Data to use -

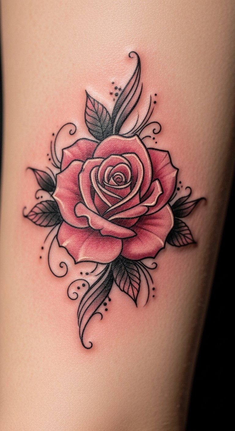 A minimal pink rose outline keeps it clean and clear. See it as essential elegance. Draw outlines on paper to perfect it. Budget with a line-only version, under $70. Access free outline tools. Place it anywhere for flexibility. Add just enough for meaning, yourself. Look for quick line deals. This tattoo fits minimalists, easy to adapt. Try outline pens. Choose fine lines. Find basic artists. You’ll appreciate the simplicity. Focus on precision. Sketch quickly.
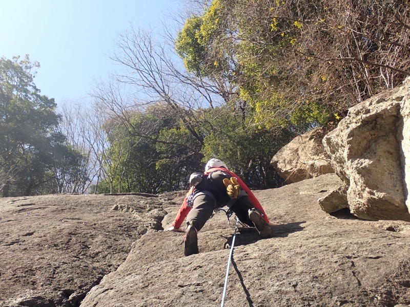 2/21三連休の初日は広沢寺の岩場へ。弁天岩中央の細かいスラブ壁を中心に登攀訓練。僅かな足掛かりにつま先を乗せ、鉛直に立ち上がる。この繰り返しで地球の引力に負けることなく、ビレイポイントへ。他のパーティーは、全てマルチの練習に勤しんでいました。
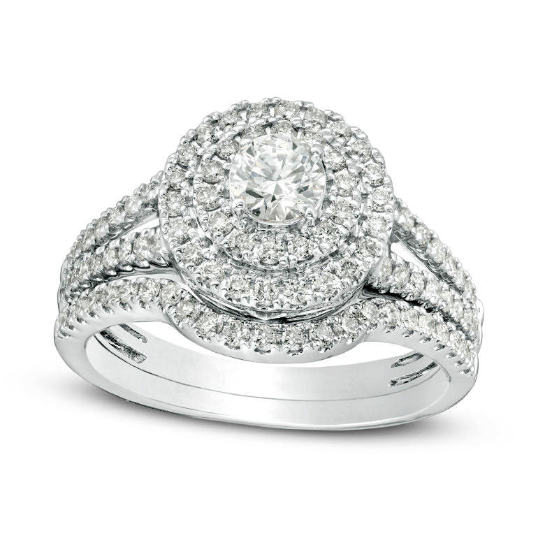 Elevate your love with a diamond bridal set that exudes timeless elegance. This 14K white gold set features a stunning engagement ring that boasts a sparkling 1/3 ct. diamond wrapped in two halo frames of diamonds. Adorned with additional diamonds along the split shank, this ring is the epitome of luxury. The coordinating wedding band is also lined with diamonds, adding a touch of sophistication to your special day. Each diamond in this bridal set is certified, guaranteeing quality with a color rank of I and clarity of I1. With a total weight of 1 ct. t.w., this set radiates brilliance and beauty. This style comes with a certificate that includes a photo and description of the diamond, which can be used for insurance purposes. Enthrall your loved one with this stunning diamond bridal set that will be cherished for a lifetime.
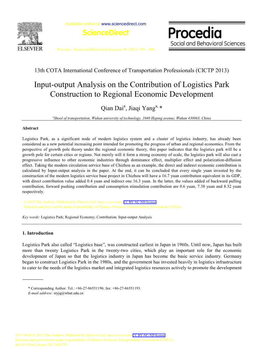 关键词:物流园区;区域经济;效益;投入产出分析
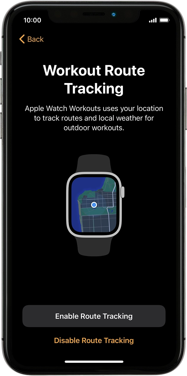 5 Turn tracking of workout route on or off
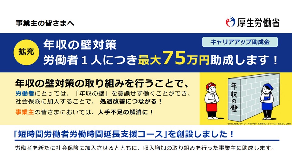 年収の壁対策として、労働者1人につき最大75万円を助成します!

==

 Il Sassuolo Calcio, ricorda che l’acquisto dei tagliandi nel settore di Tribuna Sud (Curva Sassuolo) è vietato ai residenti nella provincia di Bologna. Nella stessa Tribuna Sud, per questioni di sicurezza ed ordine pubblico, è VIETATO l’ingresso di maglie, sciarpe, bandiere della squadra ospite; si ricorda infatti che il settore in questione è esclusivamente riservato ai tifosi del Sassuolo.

Your task - Starting with the line that has "5 Turn tracking of workout route on or off" and going on through the line that has "年収の壁対策として、労働者1人につき最大75万円を助成します!", transcribe the records above exactly, but skip the pictures.

Reply to the task -
 5 Turn tracking of workout route on or off
 年収の壁対策として、労働者1人につき最大75万円を助成します!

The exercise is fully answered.